* _What to do_:
Give the data below again exactly as written, but without the pictures.
[Start of section]
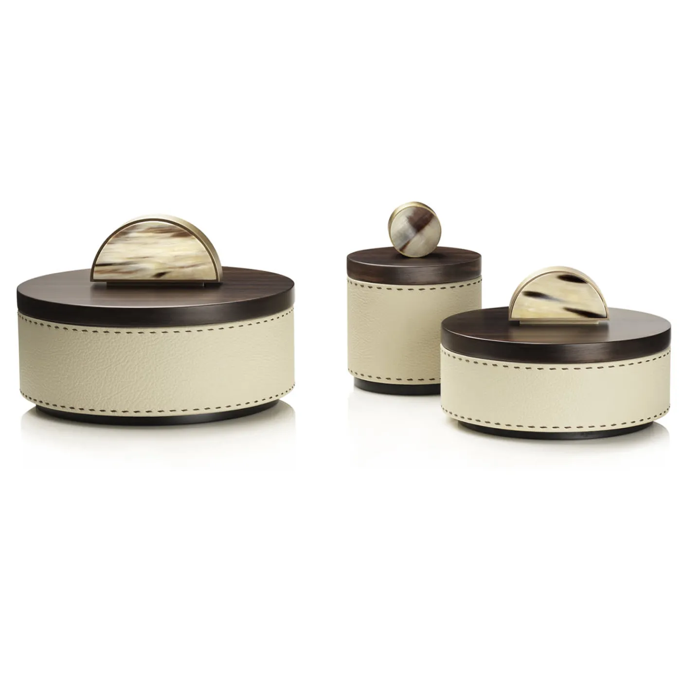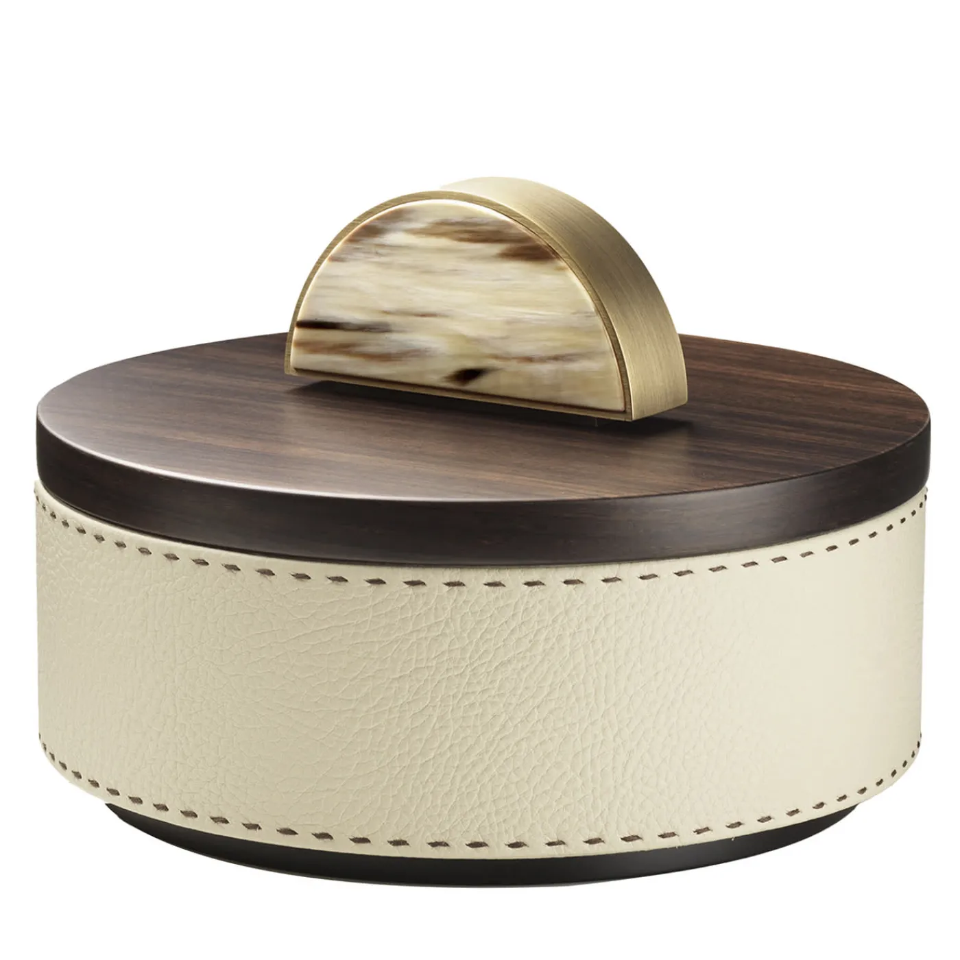 Scatola tonda in pelle Aida, color gelato, con cuciture fatte a mano in marrone scuro. Coperchio impiallacciato in ebano Amara opaco con maniglia a mezzaluna in corno e ottone brunito. Per ulteriori informazioni, contattare il Concierge.
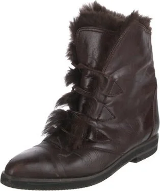 Stuart Weitzman Leather Ankle Lace-Up Boots Brown Semi-Pointed Toes Concealed Zip Closure at Sides Includes Box Designer Fit: This designer typically runs true to size. Unfortunately, due to restricti Read more
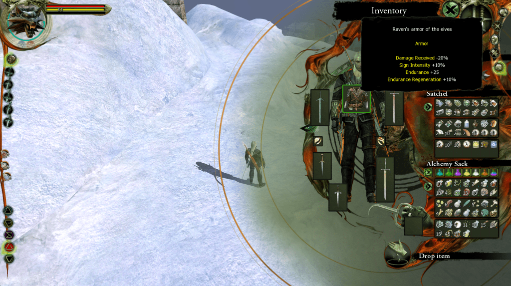 Some random notes on this “definitive” playthrough on my part: Equal distribution of skill points among the three fighting styles for each sword is key to remaining versatile in fights but you can generally focus on fast and group styles for Silver sword to start and heavy/fast styles for Steel sword before branching out. Main stat distribution is by far more important since it unlocks access to combinations in combat as well as the use of more than Signs. Alchemy makes the game a lot more fun but the big mistake folks make is using Blizzard early on, the game doesn’t give a great explanation as to how to time your attacks when using it and this actually increases the difficulty of combat. On harder difficulties always turn in your collection quests before brewing potions, you can easily miss out on a quest or waste a ton of time making a friggin’ Cat potion out of rare monster hunting spoils and having to leave the area or rest to respawn mobs. As for Signs, Igni significantly reduces the difficulty of combat due to its DOT and Aard is still the go-to Witcher dealie but the game has always been well-balanced towards the use of the other Signs and they are easy to find early in the game if you know where to head. The use of Yrden and Quen can significantly change your playstyle and are almost necessary on higher difficulty where the game demands slightly more strategic gameplay with limited resources.
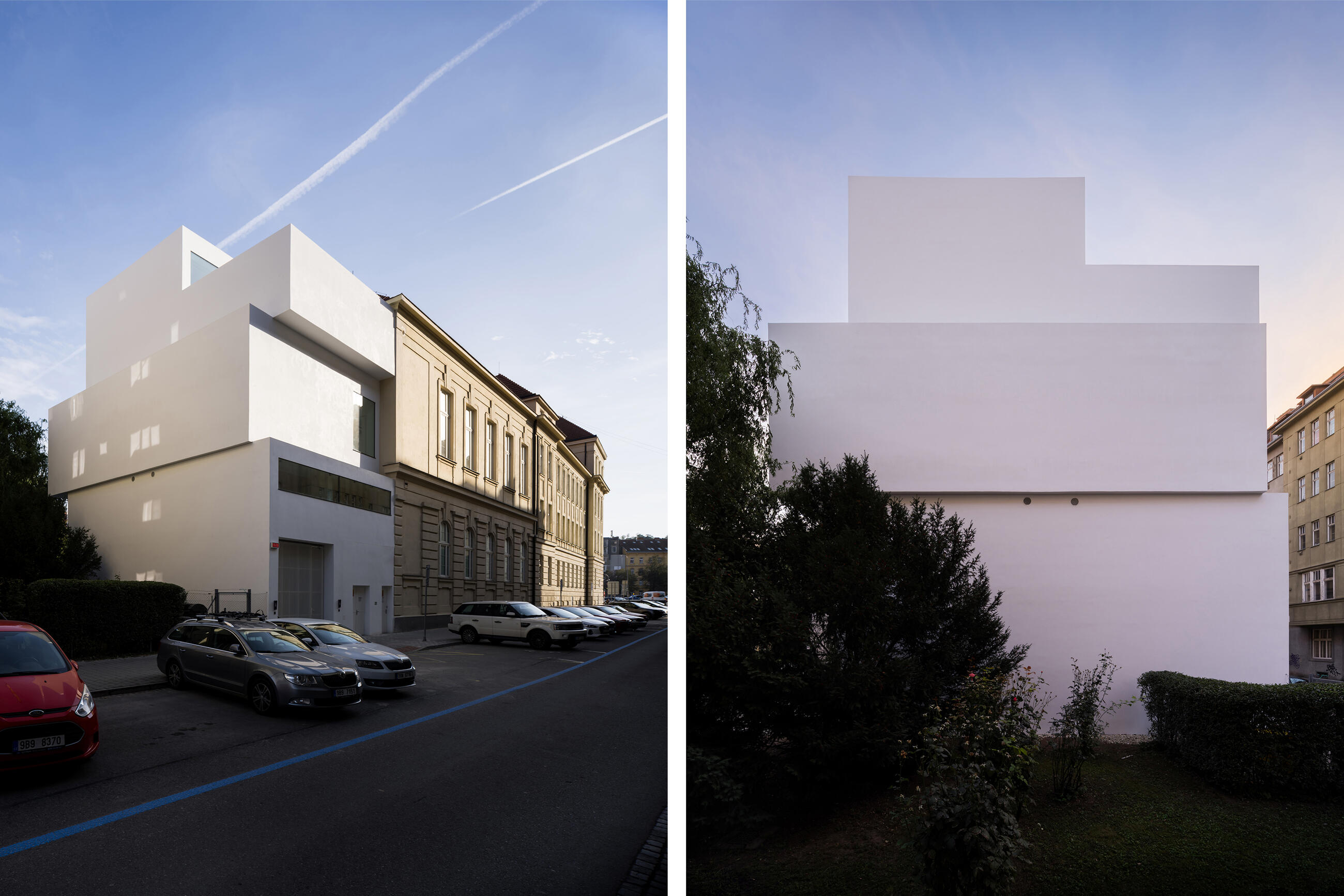 The popular art education program of the Faculty of Education at Masaryk University in Brno previously lacked quality teaching facilities, with art students having to share spaces with other disciplines. In response, the faculty commissioned us to design a new studio extension. This project has provided art teachers of the future with inspiring spaces not only for traditional art disciplines but also for new media. The extension includes workshops equipped for cutting, drilling or welding, a painting studio with excellent natural light, and a high-ceilinged multimedia studio on the top floor that can be fully blacked out and used as a white/black box with adjustable color backlighting. All rooms are brightly lit and entirely painted white, creating a spacious and fresh environment that fosters creativity and focus.
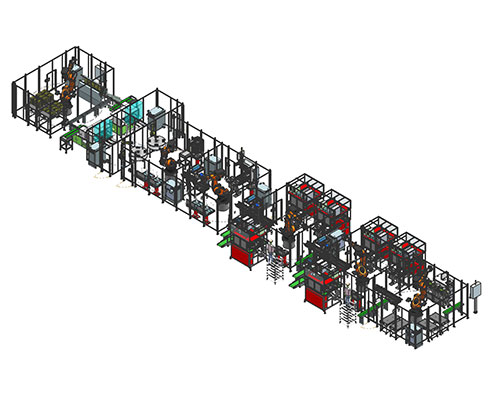 圓柱電池模組PACK自動組裝線由上料分選機、入下支架機、電芯極性檢測、裝上支架機、鎳片裝載機、鎳片焊接機、焊點檢測、貼膠紙機、保護板裝載焊接機,半成品檢測機、外殼裝載機、EOL測試機、貼標(biāo)機及靈活人工位組成。
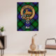 Crachá da crista Clan Blair rodeado por uma correia e fivela sobre fundo tartano. Texto personalizado.
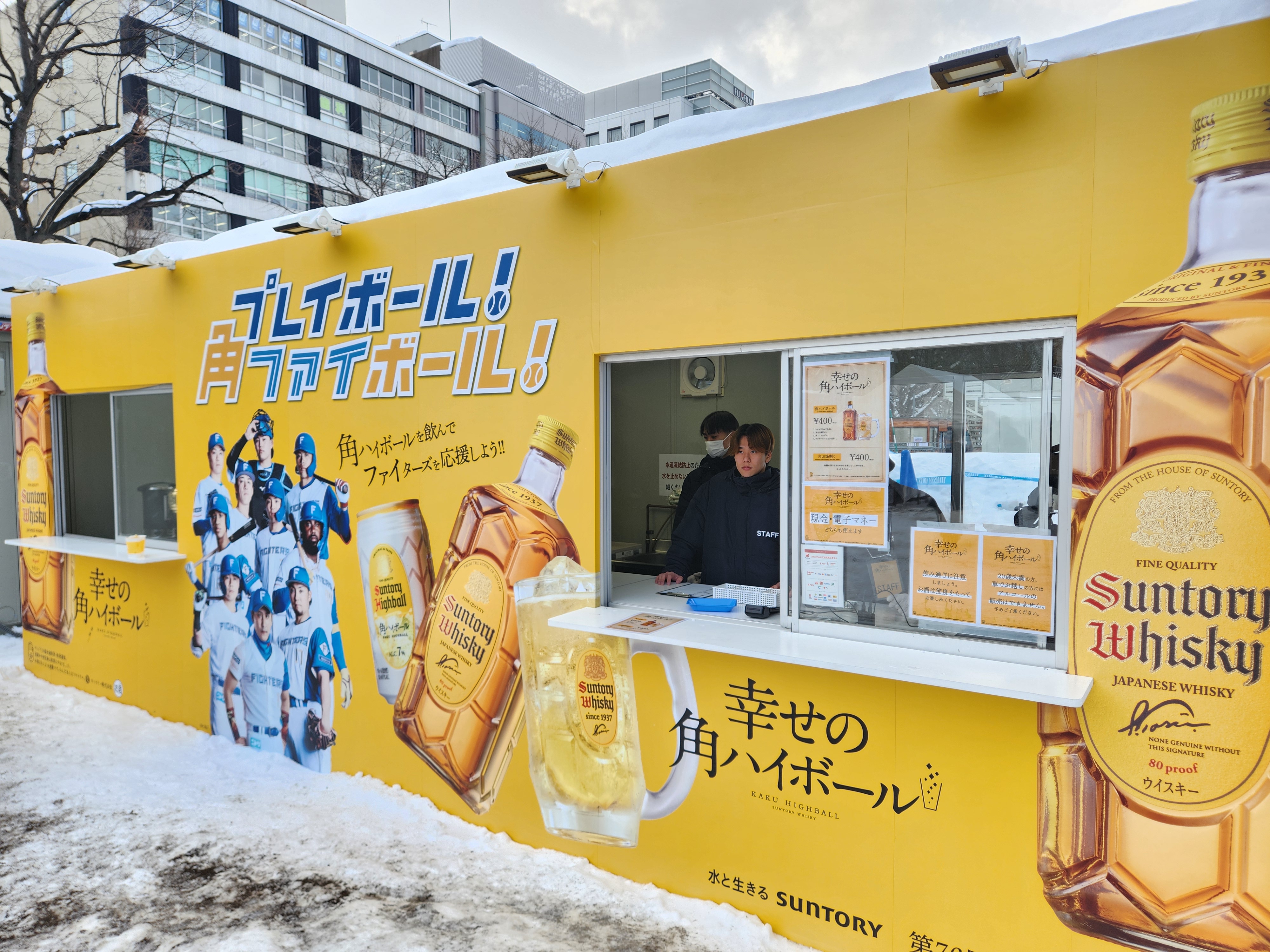 サントリー角瓶カラーの黄色とファイターズ選手が目立ち、雪景色の中でも自然と人を引き寄せている印象です。昨年まで同じ場所では「サントリー生ビール」を提供していましたが、今年は雰囲気がガラリと変わりました。
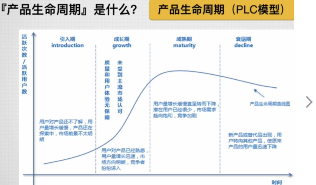 所以我们会通过一些方法论,比如产品生命周期来确定产品当前的阶段,做好功能迭代的计划。
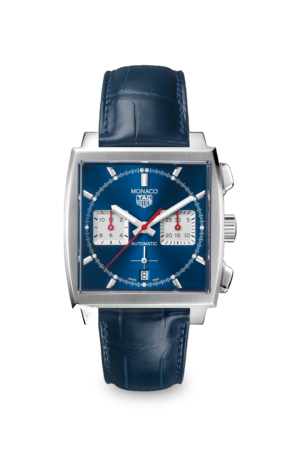 Das blaue Alligatorlederarmband mit Faltschließe aus Edelstahl rundet das elegante Design ab und bietet hohen Tragekomfort. Mit einer Wasserdichtigkeit von bis zu 100 Metern ist die Monaco Chronograph sowohl für den Alltag als auch für besondere Anlässe geeignet.
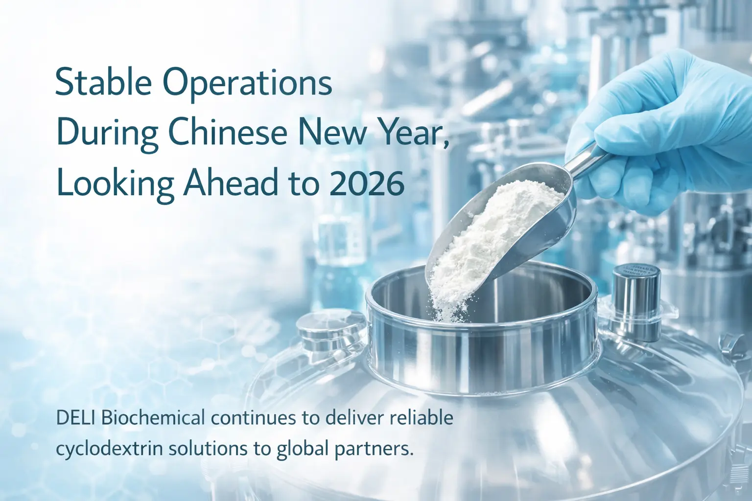 မကြာသေးမီက တရုတ်နှစ်သစ်ကူး အားလပ်ရက်အတွင်း DELI Biochemical သည် ကုမ္ပဏီသည် 2026 ခုနှစ်သို့ ရောက်ရှိလာသည်နှင့်အမျှ အရည်အသွေး၊ ဘေးကင်းမှုနှင့် ရေရှည်မိတ်ဖက်များဆိုင်ရာ ကတိကဝတ်များကို သေချာစွာ စီစဉ်ခြင်းနှင့် တာဝန်ယူမှုရှိသော ထုတ်လုပ်မှု စီမံခန့်ခွဲခြင်းများမှတစ်ဆင့် တည်ငြိမ်သော လည်ပတ်မှုနှင့် ယုံကြည်စိတ်ချရသော ထောက်ပံ့မှုကို ထိန်းသိမ်းထားသည်။
[End of section]
* _Exercise output_:
 Scatola tonda in pelle Aida, color gelato, con cuciture fatte a mano in marrone scuro. Coperchio impiallacciato in ebano Amara opaco con maniglia a mezzaluna in corno e ottone brunito. Per ulteriori informazioni, contattare il Concierge.
 Stuart Weitzman Leather Ankle Lace-Up Boots Brown Semi-Pointed Toes Concealed Zip Closure at Sides Includes Box Designer Fit: This designer typically runs true to size. Unfortunately, due to restricti Read more
 Some random notes on this “definitive” playthrough on my part: Equal distribution of skill points among the three fighting styles for each sword is key to remaining versatile in fights but you can generally focus on fast and group styles for Silver sword to start and heavy/fast styles for Steel sword before branching out. Main stat distribution is by far more important since it unlocks access to combinations in combat as well as the use of more than Signs. Alchemy makes the game a lot more fun but the big mistake folks make is using Blizzard early on, the game doesn’t give a great explanation as to how to time your attacks when using it and this actually increases the difficulty of combat. On harder difficulties always turn in your collection quests before brewing potions, you can easily miss out on a quest or waste a ton of time making a friggin’ Cat potion out of rare monster hunting spoils and having to leave the area or rest to respawn mobs. As for Signs, Igni significantly reduces the difficulty of combat due to its DOT and Aard is still the go-to Witcher dealie but the game has always been well-balanced towards the use of the other Signs and they are easy to find early in the game if you know where to head. The use of Yrden and Quen can significantly change your playstyle and are almost necessary on higher difficulty where the game demands slightly more strategic gameplay with limited resources.
 The popular art education program of the Faculty of Education at Masaryk University in Brno previously lacked quality teaching facilities, with art students having to share spaces with other disciplines. In response, the faculty commissioned us to design a new studio extension. This project has provided art teachers of the future with inspiring spaces not only for traditional art disciplines but also for new media. The extension includes workshops equipped for cutting, drilling or welding, a painting studio with excellent natural light, and a high-ceilinged multimedia studio on the top floor that can be fully blacked out and used as a white/black box with adjustable color backlighting. All rooms are brightly lit and entirely painted white, creating a spacious and fresh environment that fosters creativity and focus.
 圓柱電池模組PACK自動組裝線由上料分選機、入下支架機、電芯極性檢測、裝上支架機、鎳片裝載機、鎳片焊接機、焊點檢測、貼膠紙機、保護板裝載焊接機,半成品檢測機、外殼裝載機、EOL測試機、貼標(biāo)機及靈活人工位組成。
 Crachá da crista Clan Blair rodeado por uma correia e fivela sobre fundo tartano. Texto personalizado.
 サントリー角瓶カラーの黄色とファイターズ選手が目立ち、雪景色の中でも自然と人を引き寄せている印象です。昨年まで同じ場所では「サントリー生ビール」を提供していましたが、今年は雰囲気がガラリと変わりました。
 所以我们会通过一些方法论,比如产品生命周期来确定产品当前的阶段,做好功能迭代的计划。
 Das blaue Alligatorlederarmband mit Faltschließe aus Edelstahl rundet das elegante Design ab und bietet hohen Tragekomfort. Mit einer Wasserdichtigkeit von bis zu 100 Metern ist die Monaco Chronograph sowohl für den Alltag als auch für besondere Anlässe geeignet.
 မကြာသေးမီက တရုတ်နှစ်သစ်ကူး အားလပ်ရက်အတွင်း DELI Biochemical သည် ကုမ္ပဏီသည် 2026 ခုနှစ်သို့ ရောက်ရှိလာသည်နှင့်အမျှ အရည်အသွေး၊ ဘေးကင်းမှုနှင့် ရေရှည်မိတ်ဖက်များဆိုင်ရာ ကတိကဝတ်များကို သေချာစွာ စီစဉ်ခြင်းနှင့် တာဝန်ယူမှုရှိသော ထုတ်လုပ်မှု စီမံခန့်ခွဲခြင်းများမှတစ်ဆင့် တည်ငြိမ်သော လည်ပတ်မှုနှင့် ယုံကြည်စိတ်ချရသော ထောက်ပံ့မှုကို ထိန်းသိမ်းထားသည်။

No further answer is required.